A pre-existing Snowflake table. No SQL — clair never writes to it.

# source/orders/raw.py  →  source.orders.raw
from clair import Column, ColumnType, Trouve, TrouveType

trouve = Trouve(
    type=TrouveType.SOURCE,
    docs="Raw orders table loaded by Fivetran.",
    columns=[
        Column(name="order_id", type=ColumnType.STRING),
        Column(name="customer_id", type=ColumnType.STRING),
        Column(name="amount", type=ColumnType.FLOAT),
        Column(name="created_at", type=ColumnType.TIMESTAMP_NTZ),
    ],
)

TABLE

A clair-managed table. Imports an upstream Trouve and references it in an f-string.

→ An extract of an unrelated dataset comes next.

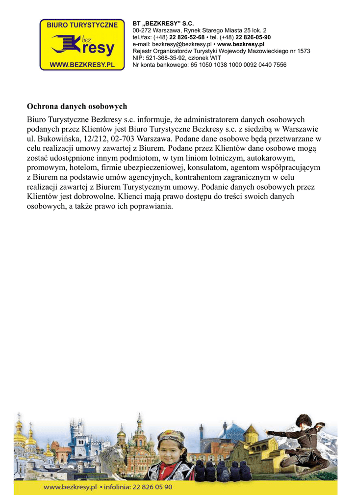 BT „BEZKRESY” S.C. 00-272 Warszawa, Rynek Starego Miasta 25 lok. 2 tel./fax: (+48) 22 826-52-68 • tel. (+48) 22 826-05-90 e-mail: [email protected] • www.bezkresy.pl Rejestr Organizatorów Turystyki Wojewody Mazowieckiego nr 1573 NIP: 521-368-35-92, członek WIT Nr konta bankowego: 65 1050 1038 1000 0092 0440 7556 Ochrona danych osobowych Biuro Turystyczne Bezkresy s.c. informuje, że administratorem danych osobowych podanych przez Klientów jest Biuro Turystyczne Bezkresy s.c. z siedzibą w Warszawie ul. Bukowińska, 12/212, 02-703 Warszawa. Podane dane osobowe będą przetwarzane w celu realizacji umowy zawartej z Biurem. Podane przez Klientów dane osobowe mogą zostać udostępnione innym podmiotom, w tym liniom lotniczym, autokarowym, promowym, hotelom, firmie ubezpieczeniowej, konsulatom, agentom współpracującym z Biurem na podstawie umów agencyjnych, kontrahentom zagranicznym w celu realizacji zawartej z Biurem Turystycznym umowy. Podanie danych osobowych przez Klientów jest dobrowolne. Klienci mają prawo dostępu do treści swoich danych osobowych, a także prawo ich poprawiania.
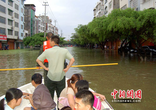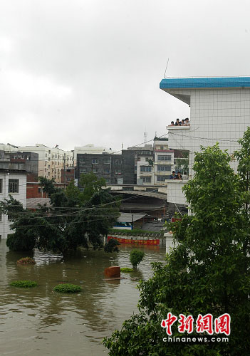 記者在來賓市實(shí)驗(yàn)中學(xué)看到,該校已成為一片湖泊。水深處約有1.6米,已經(jīng)淹過成年男子肩膀。水中七零八落飄散著住戶的生活用品,一樓居民已經(jīng)全部撤離。消防官兵自早上8時(shí)許開始對被困師生進(jìn)行救援,直至下午5時(shí),該校1100名被困師生及家屬全部撤至安全地帶。學(xué)校內(nèi)停電并且無法出行,影響了不少居民的正常生活。周邊幾家商鋪圍擋自家門口防止積水流進(jìn)店內(nèi),用各種器皿向外倒水。

# refined/orders/daily.py  →  refined.orders.daily
from clair import Column, ColumnType, Trouve, TrouveType, TestNotNull
from source.orders.raw import trouve as raw_orders

trouve = Trouve(
    type=TrouveType.TABLE,
    sql=f"""
        SELECT
            order_id,
            customer_id,
            amount,
            created_at::date AS created_date
        FROM {raw_orders}
        WHERE order_id IS NOT NULL
    """,
    columns=[
        Column(name="order_id", type=ColumnType.STRING, nullable=False),
        Column(name="customer_id", type=ColumnType.STRING),
        Column(name="amount", type=ColumnType.FLOAT),
        Column(name="created_date", type=ColumnType.DATE),
    ],
    tests=[TestNotNull(column="order_id")],
    docs="Cleaned orders with date column extracted.",
)

VIEW

Same as TABLE but creates a CREATE OR REPLACE VIEW instead. Does not support incremental strategies.

# reports/orders/recent.py  →  reports.orders.recent
from clair import Trouve, TrouveType
from refined.orders.daily import trouve as daily_orders

trouve = Trouve(
    type=TrouveType.VIEW,
    sql=f"""
        SELECT *
        FROM {daily_orders}
        WHERE created_date >= dateadd('day', -30, current_date())
    """,
)

PandasTrouve

When SQL isn't the right tool, use PandasTrouve. Instead of an f-string query, you supply a Python function. Clair fetches the upstream tables from Snowflake as DataFrames, calls your function on the machine running clair, then writes the result back to Snowflake.

# derived/products/top_rated.py
import pandas as pd
from clair import PandasTrouve
from refined.products.catalog import trouve as catalog
from refined.products.reviews import trouve as reviews

def top_rated(inputs):
    df = inputs["catalog"].merge(inputs["reviews"], on="product_id")
    return (
        df.groupby(["product_id", "name"])["rating"]
        .mean()
        .reset_index()
        .query("rating >= 4")
    )

trouve = PandasTrouve(
    inputs={"catalog": catalog, "reviews": reviews},
    transform=top_rated,
)

Key differences from Trouve:

Trouve PandasTrouve
Execution Inside Snowflake Locally on the clair machine
Output type TABLE or VIEW TABLE only
Incremental Supported Full-refresh only
SQL Required (TABLE/VIEW) Not used
Dependencies f-string imports inputs dict

Everything else — DAG integration, --select filtering, data quality tests, clair dag output — works the same way.

See the Pandas-native guide for a full walkthrough.

After discovery

Once clair discovers a Trouve, it sets compiled attributes. Two useful properties become available:

  • trouve.full_name — the fully-qualified Snowflake name (e.g. refined.orders.daily)
  • trouve.is_compiledTrue once the project has been discovered

Accessing full_name before discovery raises RuntimeError.